All things considered, preparing for this dinner was really not so bad at all. The turkey was easy. I have no idea why I was so worried about it. For weeks prior to this I've been concerned about how the turkey would come out. I'd intended to actually practice on a smaller turkey or two, but being out of town the first three weeks of November sort of squashed that idea. But I simply followed the instructions on the wrapping, and once I'd wrestled it into the pan and removed all the giblets, Richard got to wrestle the pan into the oven. It wasn't too much longer that the whole house started to smell gloriously of turkey, and we knew it really was Thanksgiving. I did, of course, manage to spill turkey juice all over one shelf in the refrigerator and across one counter. The cats insisted that they'd be glad to help me clean that up, but I was a cruel and heartless cat mom and let Clorox bleach take care of the raw turkey juice instead. Don't pity them - they got their own feast of three different varieties of extremely stinky canned food later on, upstairs where they could eat unmolested by small children or curious adults.

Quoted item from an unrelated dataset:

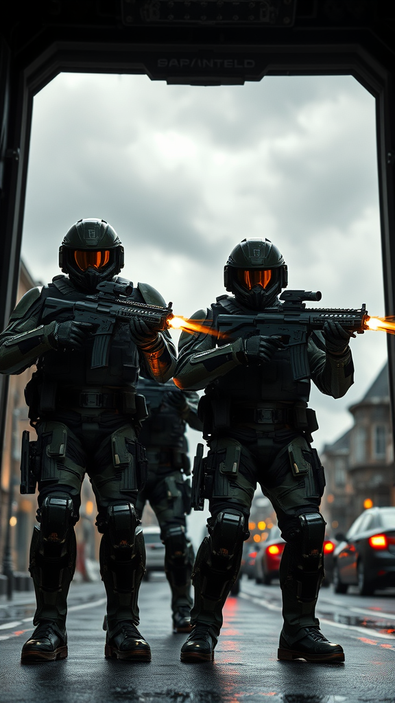 Futuristic soldiers clad in advanced dark army green armor stand poised through the spaceship's hatch, their weapons blazing under an overcast sky. Each soldier's intricate armor features reflective details, showcasing a fine balance of function and aesthetic. The street below catches the dramatic light, emphasizing the soldiers' precise movements. Their helmets are designed with exceptional detail for maximum utility and style. The scene is captured in hyperrealistic, photorealistic quality with a cinematic flair, maximizing depth and intensity in 8k resolution. The ambiance is powered by the Unreal Engine, ensuring a highly immersive and visually stunning representation.

We had a 21-pound turkey and I worried that it wouldn't be enough as Richard and his father carved, but it turned out to be plenty, with everything else on the table. There were two kinds of sweet potatoes (with marshmallows and without), two types of pumpkin bread (with cranberries and plain) and the requisite green bean casserole. There were mashed potatoes, two kinds of stuffing, two types of gravy, three kinds of cranberry sauce, and of course the traditional grape Kool-Aid in the ugly green pitcher. Everyone came bearing copious amounts of food, and it turned out that having the turkey done early was a good thing, since a lot of the side dishes needed room in the oven - which the turkey filled completely when it was cooking.

And then, when the eating finally stopped from the dinner, there was pie - five different kinds of pie, with cool whip or real whipped cream, and pumpkin ice cream fresh from the ice cream freezer. By the time we got to the pie I could barely eat more than a sliver before I had to give up. We mulled a huge pot of cider, and brewed pot after pot of hazelnut and cinnamon coffee and sat around the three tables in the candlelight and talked.

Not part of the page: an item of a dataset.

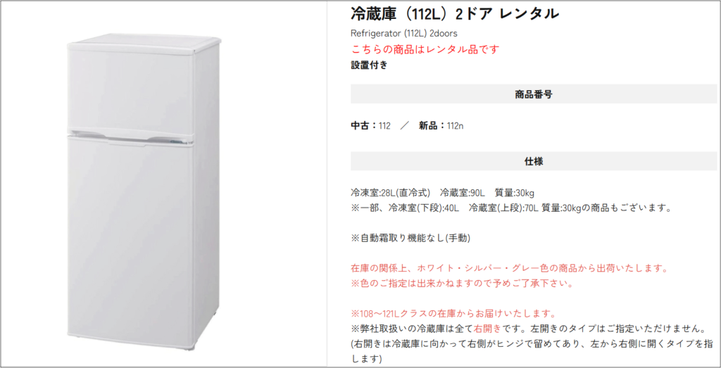 家電レンタルサービス会社によっては、どんなメーカーか、どれくらいのサイズ・色の家電かレンタル品が届くまで分からないケースもあります。

Our dishwasher got quite a workout today, as we loaded it over and over. My sisters came in and suddenly there were three of us in the kitchen, rinsing, loading the dishwasher, and setting out the pies. Richard's dad came in at one point to gently tease me about how I shouldn't be the one to do the cleanup, but I really didn't mind. It gave me something to do. All day I'd been running on nervous energy, to make up for the fact that the only medication I could find to counteract the sinus pain was for nighttime, and thus makes me a bit dopey. As long as I kept active and didn't sit down for too long, I was fine.

Now that everyone is gone, the cats are creeping back downstairs, to inspect the unfamiliar arrangement of the furniture, and to scour the floor underneath all the table for any stray crumbs that might have fallen from overflowing plates. My first Thanksgiving as hostess - finally over. It was fun, and hectic and noisy and I hadn't planned on being quite so sick throughout. It's been kind of a crazy day. It's hard to believe that for a few hours this house was crammed with people, small and large, talking, laughing, chaos. And I'm more thankful than I can possibly say that next year, it's someone else's turn.